Re: .berlin TLD Awared the German Internet Award 2007 Paul Hoffman  –  Jun 24, 2007 7:22 PM PDT

A few questions on this proposal:

- Why .berlin instead of .bern, which is more linguistically correct?

- How many other such localities should have their name in the root? 100? 10,000? Based on what criteria?

- Would people from Berlin, Ohio be able to register in the TLD? If not, why not?

Re: .berlin TLD Awared the German Internet Award 2007 Stephane Bortzmeyer  –  Jun 25, 2007 1:24 AM PDT

Paul Hoffman said:

- Why .berlin instead of .bern, which is more linguistically correct?

??? Why?

http://de.wikipedia.org/wiki/Berlin

Re: .berlin TLD Awared the German Internet Award 2007 Dirk Krischenowski  –  Jun 25, 2007 7:33 AM PDT

Paul,

to #1: Berlin is a city in Switzerland which might want to have their own TLD one day as well. We are Berliners from Germany, so we are heading for .berlin

to #2: ICANN currently set the criteria for new TLDs. When they are finished we'll see how high are the financial, operational and technical hurdles to get a local TLD (also called GeoTLDs) approved. I assume the only metropolises will be able to successed.

to #3: People and organisations from all incorporated regional authorities will be able to register .berlin domain names. We're planning to have a nexus requirement like .us, .asia and .cat have.

Best from Berlin

Dirk

Re: .berlin TLD Awared the German Internet Award 2007 Stephane Bortzmeyer  –  Jun 25, 2007 7:43 AM PDT

Berlin is a city in Switzerland

Where is it? I cannot find a "Berlin" in Switzerland.

Re: .berlin TLD Awared the German Internet Award 2007 Dirk Krischenowski  –  Jun 25, 2007 10:00 AM PDT

Paul was meaning the city of BERN in Switzerland, I think.

Dirk

Re: .berlin TLD Awared the German Internet Award 2007 Edward Lewis  –  Jun 26, 2007 11:29 AM PDT

I'd suggest that the TLD for NYC be ".fuhgeddaboudit".  Anyone got a problem with that?

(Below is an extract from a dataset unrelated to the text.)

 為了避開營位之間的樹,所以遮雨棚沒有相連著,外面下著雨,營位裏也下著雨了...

Re: .berlin TLD Awared the German Internet Award 2007 Steve Gibbard  –  Jun 26, 2007 11:50 AM PDT

I'm all for geographic domain names, both for purposes of keeping infrastructure needed for local communications local and for avoiding trademark collisions (how many Chinese restaurants are there in the world called The Great Wall, for instance?).  However, doing a TLD for every city in the root doesn't scale, and setting the bar high enough that only some cities qualify is confusing.

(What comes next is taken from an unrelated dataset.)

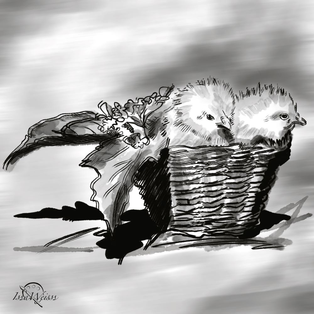 Оставили ребёнка с золотым потомством. Лукошко дали для яиц, решили: справится сама, ходить и говорить умеет, все дела.

There is a geographic hierarchy under .us (for example, ann-arbor.mi.us or berkeley.ca.us) that doesn't get much use.  Partly, that's because it was never marketed the way .com was.  Partly, it's because there was a different registry and registrar for every town.  That was a lot more than most hosting companies would have wanted to keep track of, and some of them weren't very responsive.  But if you can convince people to use different domains based on what city they're in, and if you can put together a registration interface that works across the patchwork of local TLDs, doing it as a hierarchy seems a lot more scalable.  Why not do something similar, and create .berlin.de?